Return, exactly and with nothing added, the line with "Upon entering, you’ll" together with all lines after it through the end of the data below. No pictures belong in the copy.

(GIVEN DATA Opens)

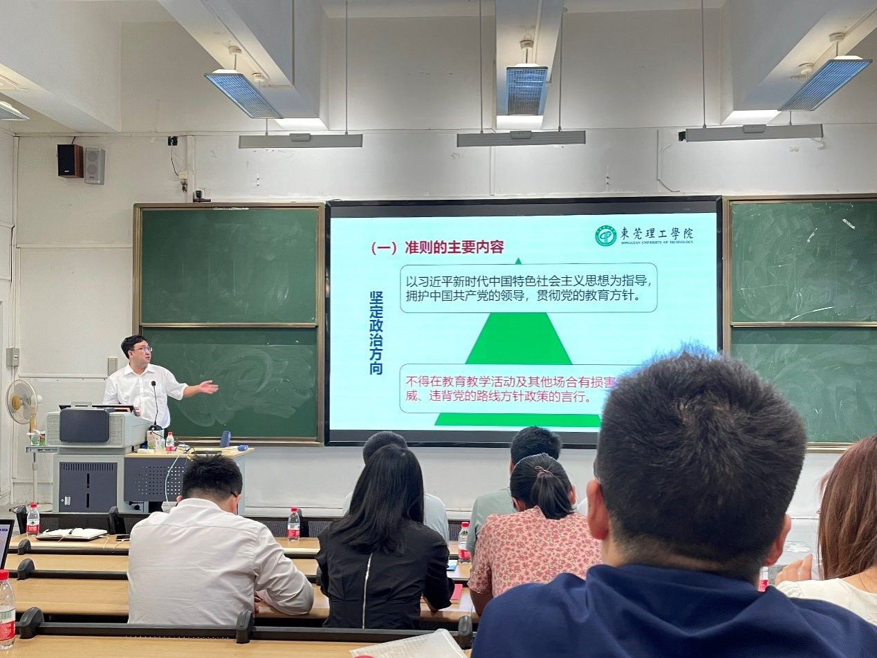 随后,郭建文领学了有关师德教育制度的相关文件。他强调,全体教师要提高政治站位,强化责任担当。要切实提高对师德师风建设的认识,执行高校教师职业行为准则,增强政治意识、底线意识,做“经师”和“人师”的统一者,做“传道、授业、解惑”的统一者。
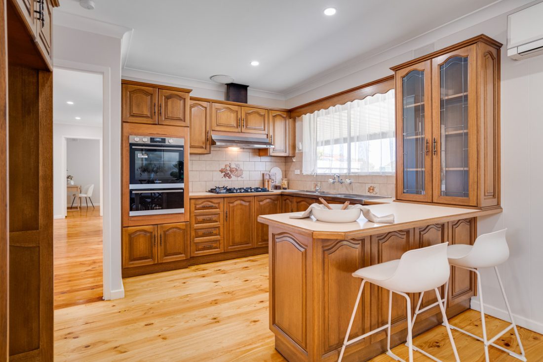 Upon entering, you’ll be welcomed by the expansive living room, an ideal spot for relaxation and unwinding. An elegant archway seamlessly links the living area to the adjoining dining and kitchen areas. The kitchen, with a view of the backyard, features ornate timber cabinetry and modern appliances, including a wall oven and a gas cooktop.
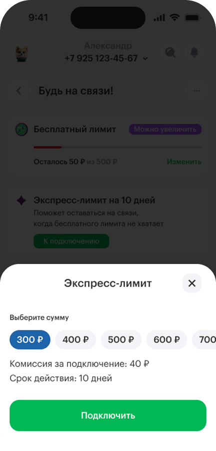 Экспресс‑лимит «Будь на связи!» может быть доступен только при наличии индивидуального предложения.

(GIVEN DATA Closes)

--- EXPECTED ANSWER ---
 Upon entering, you’ll be welcomed by the expansive living room, an ideal spot for relaxation and unwinding. An elegant archway seamlessly links the living area to the adjoining dining and kitchen areas. The kitchen, with a view of the backyard, features ornate timber cabinetry and modern appliances, including a wall oven and a gas cooktop.
 Экспресс‑лимит «Будь на связи!» может быть доступен только при наличии индивидуального предложения.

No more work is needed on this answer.